> [EXERCISE GOAL] Nothing but the records, transcribed exactly, should appear in the answer; leave the pictures out.

[Source data]
Segment Open

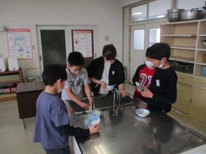 家庭科室探検をした後、最初のお題「皿洗い」をしました。「洗剤の量、多くないかな?」「洗っている間は水を止めよう」皿を一枚洗うにしても、気を付けることがたくさんあります。日頃からお手伝いしている様子が伝わってきました。
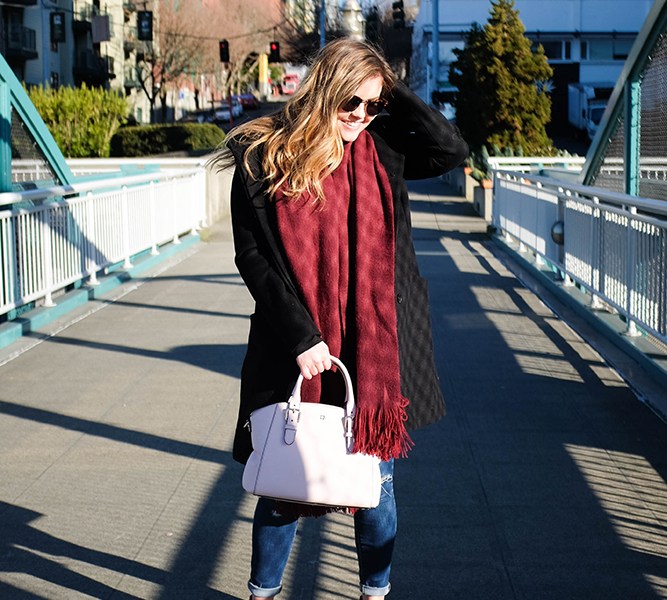 This outfit is a reflection of that. Washington is definitely having one of its colder winters, and investing in a nice warm wool or wool blend coat is a must. The one I am wearing in the photos above is a bit dressier, and to make a more casual look I paired it with my go-to ripped skinny jeans and a black thermal top. I am currently in love with this burgundy/maroon color and was ecstatic when I found both boots and a scarf in it. The deep colors really remind me of fall and winter, and the scarf definitely helped to block the wind.
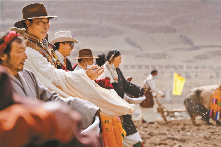 在那曲市索县首届高原春耕春播启动仪式上,身着盛装的农牧民群众共同播撒希望的种子。记者 汪纯 通讯员 索朗白姆 摄
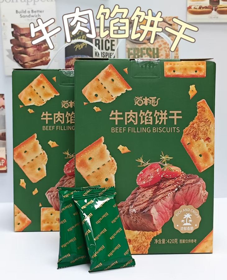 【商品名称】牛肉馅饼干礼盒 【上架规格】420g*2箱(共64小包) 【保质期】8个月 【生产日期】最新(随批次更新) 【储存条件】置于阴凉干燥处贮存,避免阳光直射 【发货地】福建晋江 【生产地】福建漳州 【发货快递】韵达 【不发货地区】青海、甘肃、宁夏、内蒙、新疆、西藏及港澳台地区 【加运费地区】北京、上海+1元/件 【发货时效】72小时 【售后规则】 1、食品类不支持7天无理由退换货,礼盒类产品不支持拦截拒收 2:若收到产品有质量问题或者破损少件,请签收24小时内对产品拍照+快递箱面单照片联系售后处理 3:个人喜好/口味问题不在售后范围内
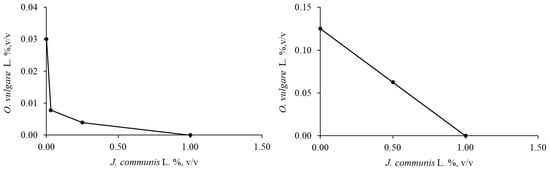 Regarding the antibacterial properties of individual EOs, O. vulgare L. showed a good inhibitory activity against S. aureus and E. coli, followed by C. ladaniferus L. In contrast, J. communis L. and C. aurantium L. var. amara exhibited lower efficacy against these bacterial strains. The results obtained for O. vulgare L. are in line with those of other authors, who highlighted the antibacterial activity of EO against both Gram-positive and Gram-negative strains [26,27]. Antimicrobial activity has also been reported for C. ladaniferus L. and J. communis L. EOs [6,28]. Concerning C. aurantium L. var. amara, the antimicrobial potential and the impact of seasonal variations on the chemical composition and biological activities of its EO have been exhaustively described [29].

Segment Closed

> [ANSWER TO THIS TASK]
 家庭科室探検をした後、最初のお題「皿洗い」をしました。「洗剤の量、多くないかな?」「洗っている間は水を止めよう」皿を一枚洗うにしても、気を付けることがたくさんあります。日頃からお手伝いしている様子が伝わってきました。
 This outfit is a reflection of that. Washington is definitely having one of its colder winters, and investing in a nice warm wool or wool blend coat is a must. The one I am wearing in the photos above is a bit dressier, and to make a more casual look I paired it with my go-to ripped skinny jeans and a black thermal top. I am currently in love with this burgundy/maroon color and was ecstatic when I found both boots and a scarf in it. The deep colors really remind me of fall and winter, and the scarf definitely helped to block the wind.
 在那曲市索县首届高原春耕春播启动仪式上,身着盛装的农牧民群众共同播撒希望的种子。记者 汪纯 通讯员 索朗白姆 摄
 【商品名称】牛肉馅饼干礼盒 【上架规格】420g*2箱(共64小包) 【保质期】8个月 【生产日期】最新(随批次更新) 【储存条件】置于阴凉干燥处贮存,避免阳光直射 【发货地】福建晋江 【生产地】福建漳州 【发货快递】韵达 【不发货地区】青海、甘肃、宁夏、内蒙、新疆、西藏及港澳台地区 【加运费地区】北京、上海+1元/件 【发货时效】72小时 【售后规则】 1、食品类不支持7天无理由退换货,礼盒类产品不支持拦截拒收 2:若收到产品有质量问题或者破损少件,请签收24小时内对产品拍照+快递箱面单照片联系售后处理 3:个人喜好/口味问题不在售后范围内
 Regarding the antibacterial properties of individual EOs, O. vulgare L. showed a good inhibitory activity against S. aureus and E. coli, followed by C. ladaniferus L. In contrast, J. communis L. and C. aurantium L. var. amara exhibited lower efficacy against these bacterial strains. The results obtained for O. vulgare L. are in line with those of other authors, who highlighted the antibacterial activity of EO against both Gram-positive and Gram-negative strains [26,27]. Antimicrobial activity has also been reported for C. ladaniferus L. and J. communis L. EOs [6,28]. Concerning C. aurantium L. var. amara, the antimicrobial potential and the impact of seasonal variations on the chemical composition and biological activities of its EO have been exhaustively described [29].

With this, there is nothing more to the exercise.